Leo Varadkar once said Ireland was a proponent of ‘if you build it, they will come’. However, that has not been the case with electric vehicles, and it’s not just in Ireland. The whole of Europe is finding it difficult to shift EVs off to the customer. Frankly, it’s shocking that electric cars haven’t had better sales.
Speaking about his comment to Transportationnation, Minister for Transport Leo Varadkar said, “And we found with a lot of our transport network well, they didn’t come. And we now have railways that run at a massive loss and half-empty airport terminals.”
“What we had during our boom period, between 2001 to 2008, was huge investment in transport,” he said.
“There was a whole new motorway network, which has transformed the country.
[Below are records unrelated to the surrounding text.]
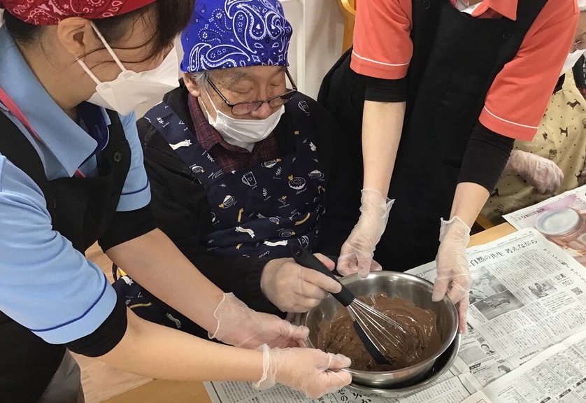 バレンタインデーの特別なイベントとしてジョイ麻生では、おやつレクを開催しました。
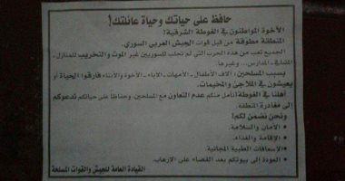 ألقت مروحيات الجيش السورى، منشورات للمدنيين فى غوطة دمشق الشرقية، تطلب منهم تسليم أنفسهم للحفاظ على حياتهم، وعدم التعامل مع المسلّحين.
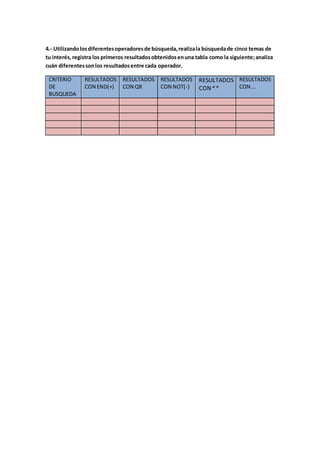 Este documento presenta instrucciones para una tarea de investigación sobre métodos de búsqueda de información en Internet. Los estudiantes deben completar una tabla con los nombres y direcciones de varios motores de búsqueda populares, crear un mapa conceptual sobre diferentes métodos de búsqueda, y realizar búsquedas de temas de su interés usando diferentes operadores lógicos para analizar cómo varían los resultados.
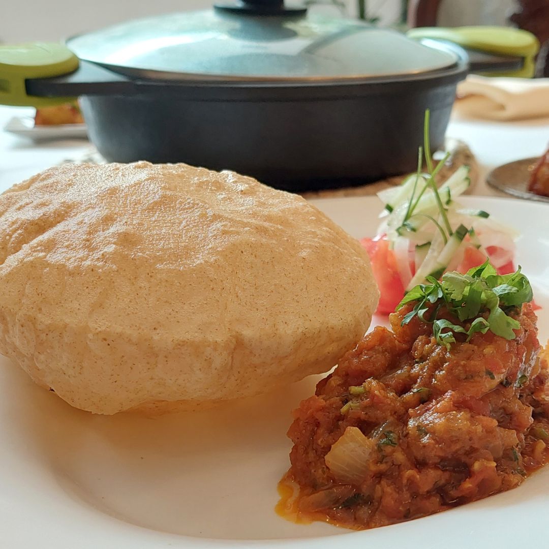 E comido pollo tikka shahlik, arroz, pan de queso y el postre de torrija muy bueno. Todo muy bueno y el servicio excelente
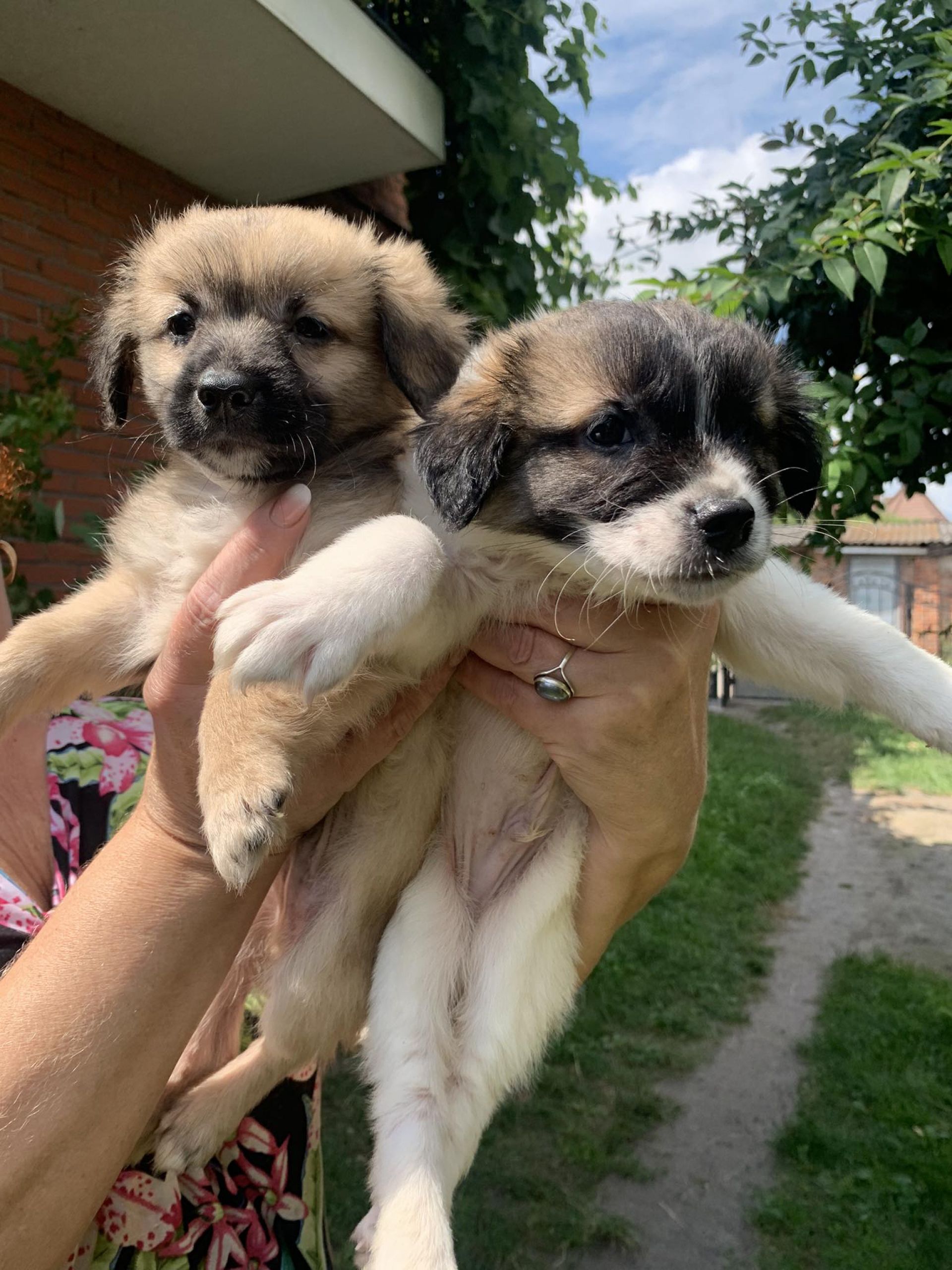 За декілька тижнів вона народила шістьох цуценят — три хлопчика і три дівчинки, руденького і білого окрасу. Вони грайливі і дуже кумедні.

New airport terminals, we reopened some closed railways. And most of that investment was worth doing. But a lot of it actually wasn’t. At the time, we were subscribers as a country to this view.”
The cost of EVs is one of the major factors facing consumers as they try to tiptoe around harsh austerity measures, but Pat O’Doherty, the CEO of Ireland’s Electricity Supply Board has a few other problems with them.
He said “I should be able to drive my electric vehicle from Dublin in the future, down through Britain and charge it, down through France and into the South of Spain.” At the moment this would be pretty impossible to do, as there isn’t a universal plug to cater for EVs abroad.
“[EVs] will only work if the customer benefits financially,” said O’Doherty. He said the Nissan Leaf had been selling better in Ireland since Nissan had knocked 5,000 euros off the price.
Sadly, unless costs are slashed on EVs it looks like the electric car market might run out of steam before it runs out of juice.